### Work required:
All pictures are to be omitted while the lines starting at the line with "大牌同款提绳316不锈钢保温杯女生高颜值陶瓷内胆户外便携吸管杯" and ending at the line with "Кабель HOCO X14/" in the material below are retyped exactly, both ends included.

### Available data:

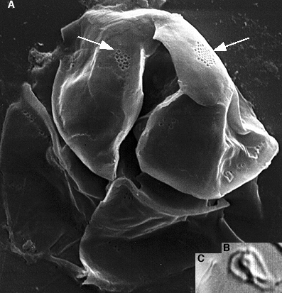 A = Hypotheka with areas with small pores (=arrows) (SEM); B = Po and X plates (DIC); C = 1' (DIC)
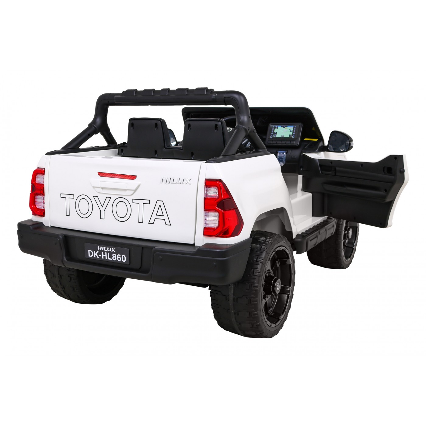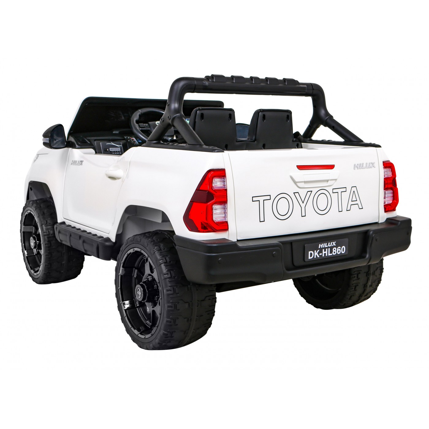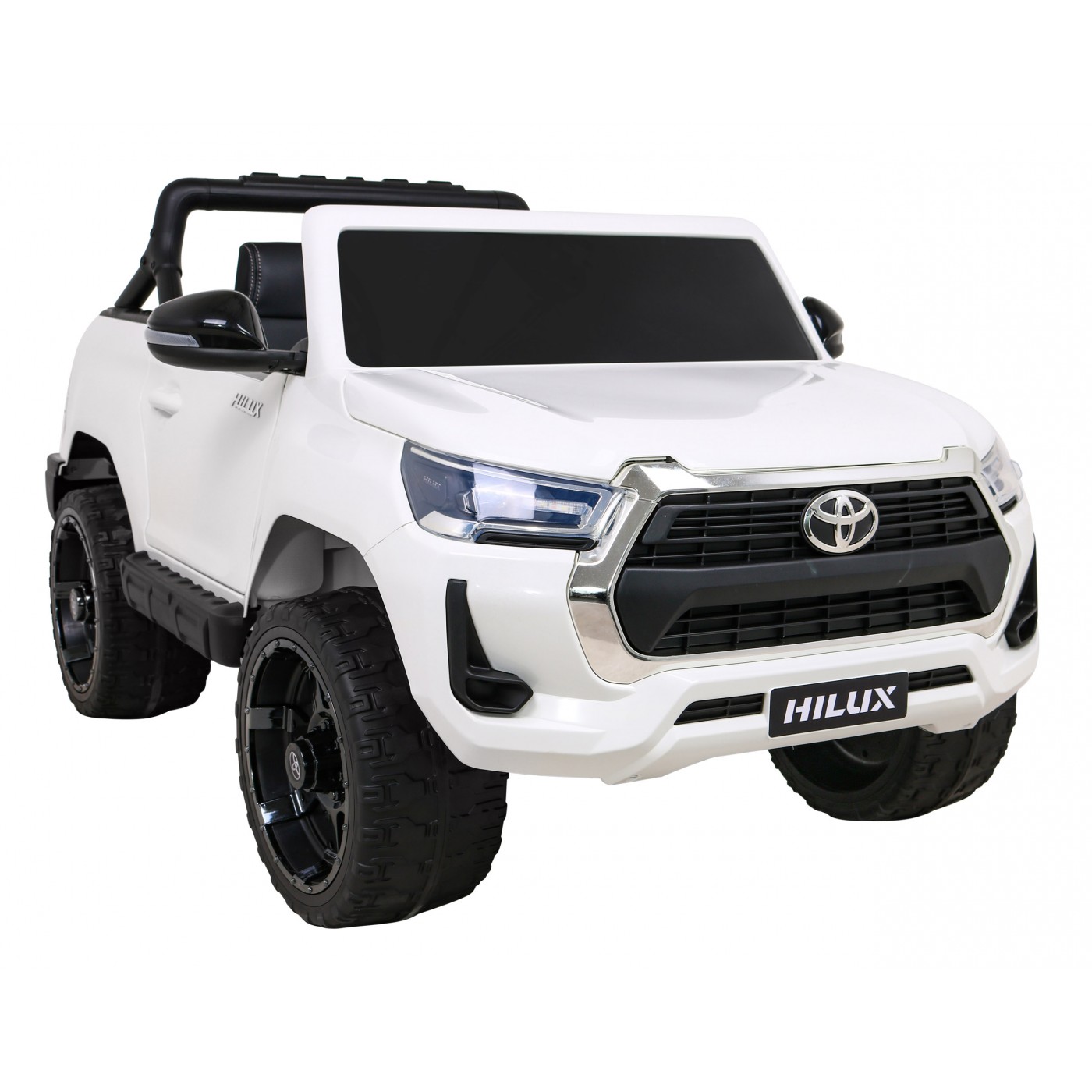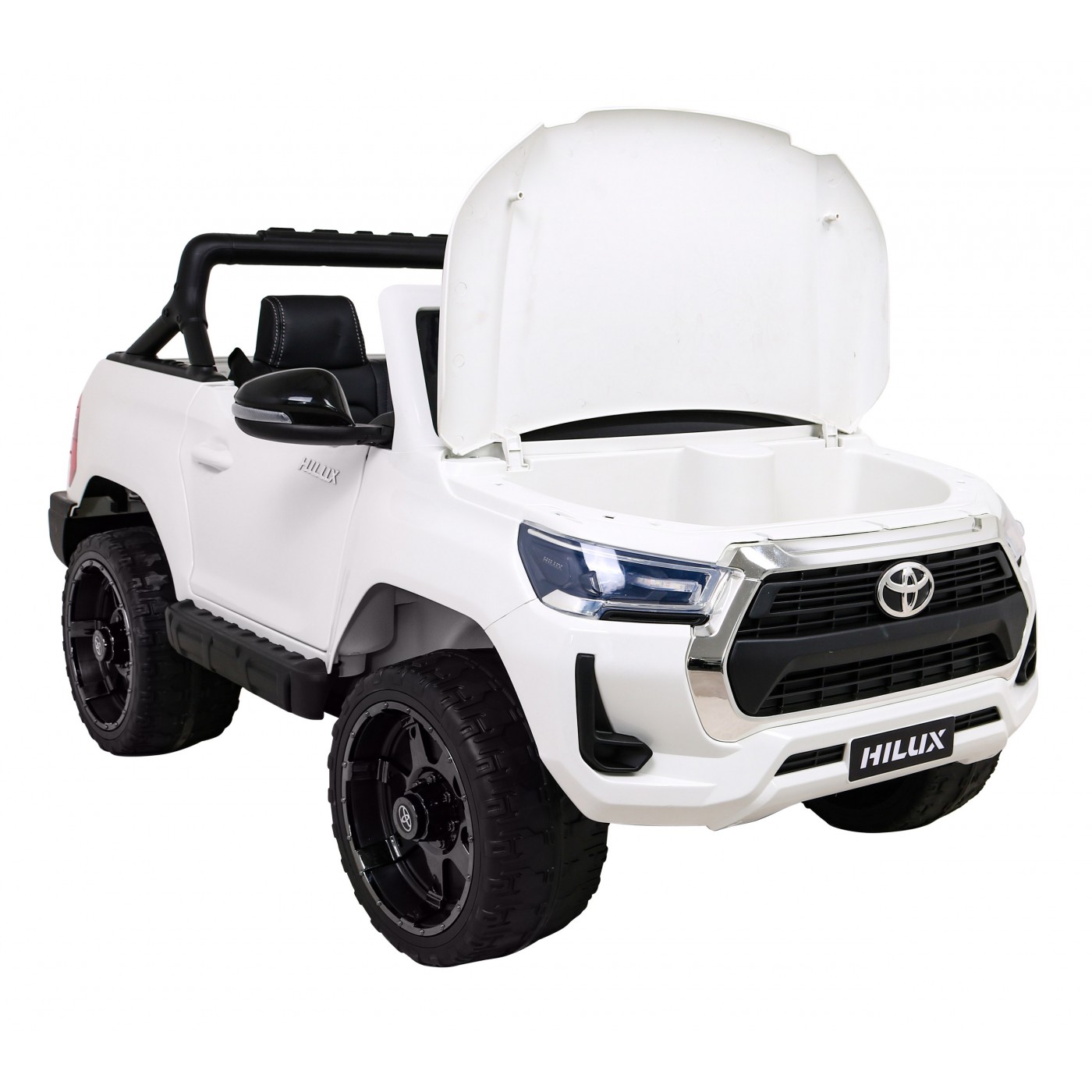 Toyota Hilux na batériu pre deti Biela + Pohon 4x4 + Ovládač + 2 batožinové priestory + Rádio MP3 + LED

* * *

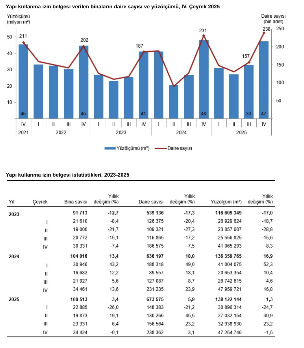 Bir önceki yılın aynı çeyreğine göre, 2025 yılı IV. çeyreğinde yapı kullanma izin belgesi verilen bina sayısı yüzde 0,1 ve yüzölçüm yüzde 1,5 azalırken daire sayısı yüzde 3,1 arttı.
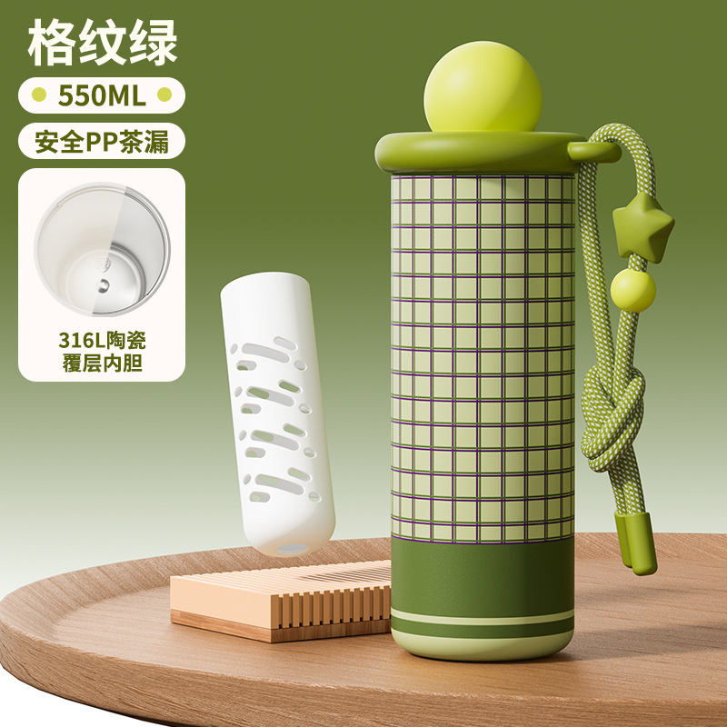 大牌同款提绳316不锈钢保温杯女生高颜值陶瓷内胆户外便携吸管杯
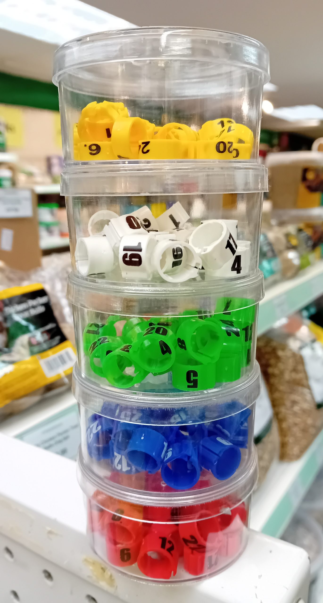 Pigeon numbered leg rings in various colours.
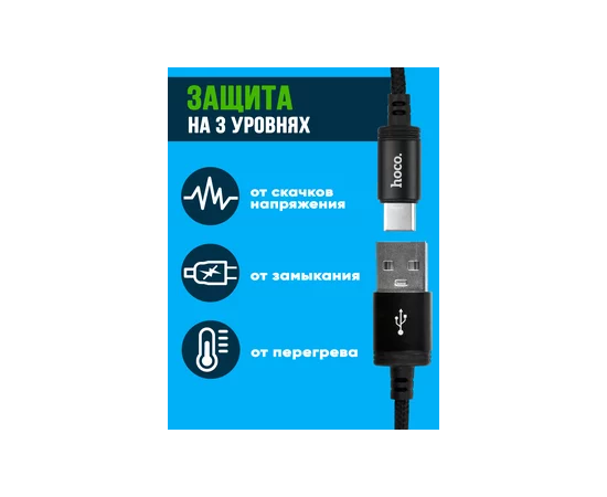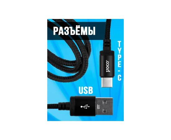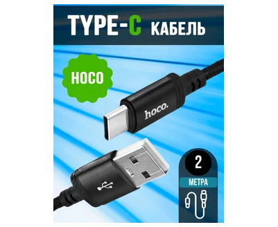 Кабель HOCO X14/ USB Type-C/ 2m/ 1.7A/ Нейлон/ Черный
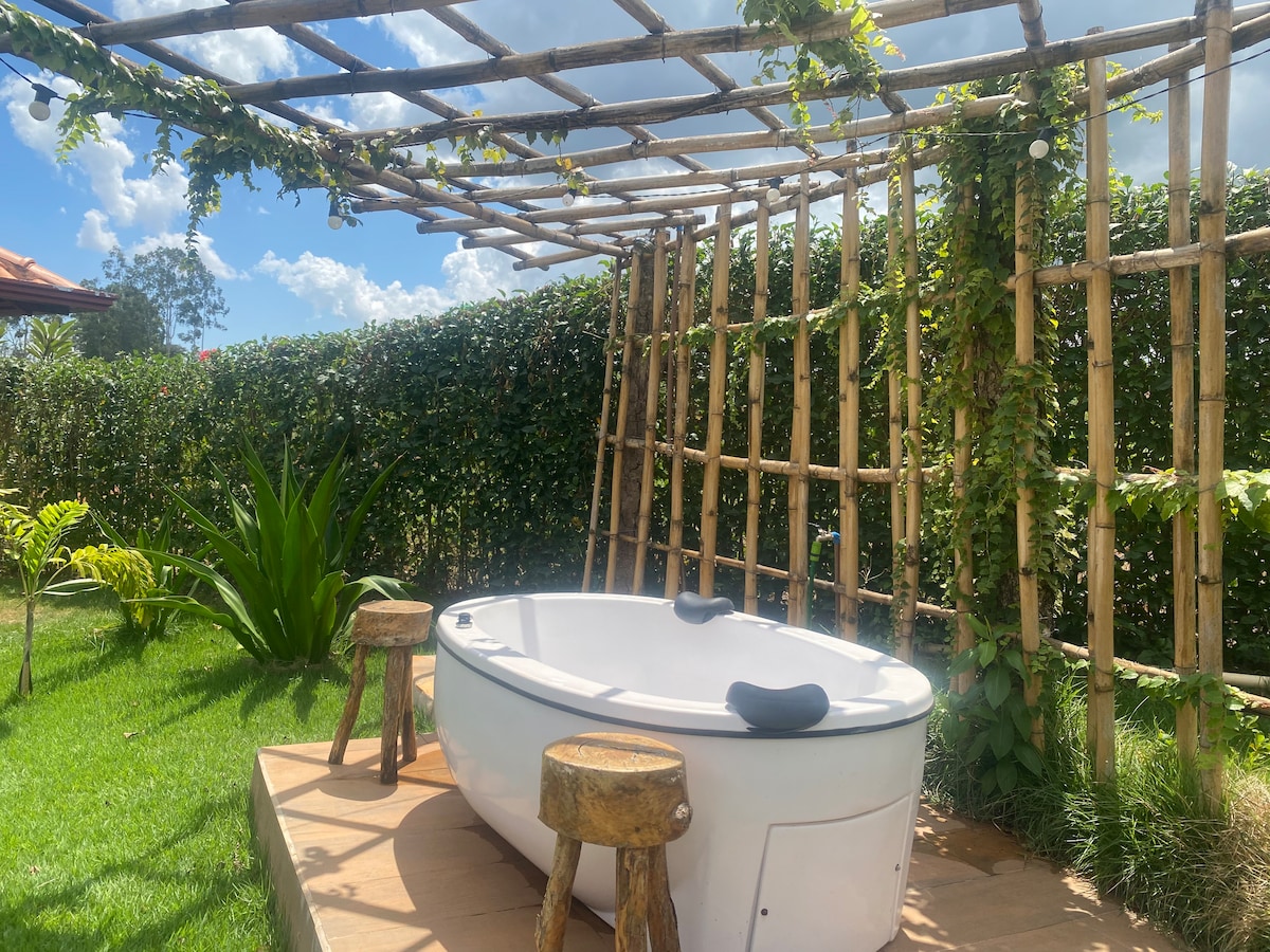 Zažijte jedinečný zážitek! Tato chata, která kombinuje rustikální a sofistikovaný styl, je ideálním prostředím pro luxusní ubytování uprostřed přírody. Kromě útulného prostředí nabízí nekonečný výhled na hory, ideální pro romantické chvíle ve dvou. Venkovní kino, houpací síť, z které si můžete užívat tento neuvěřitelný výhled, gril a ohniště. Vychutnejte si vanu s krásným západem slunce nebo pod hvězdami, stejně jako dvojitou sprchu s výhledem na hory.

### Task output:
 大牌同款提绳316不锈钢保温杯女生高颜值陶瓷内胆户外便携吸管杯
 Pigeon numbered leg rings in various colours.
 Кабель HOCO X14/ USB Type-C/ 2m/ 1.7A/ Нейлон/ Черный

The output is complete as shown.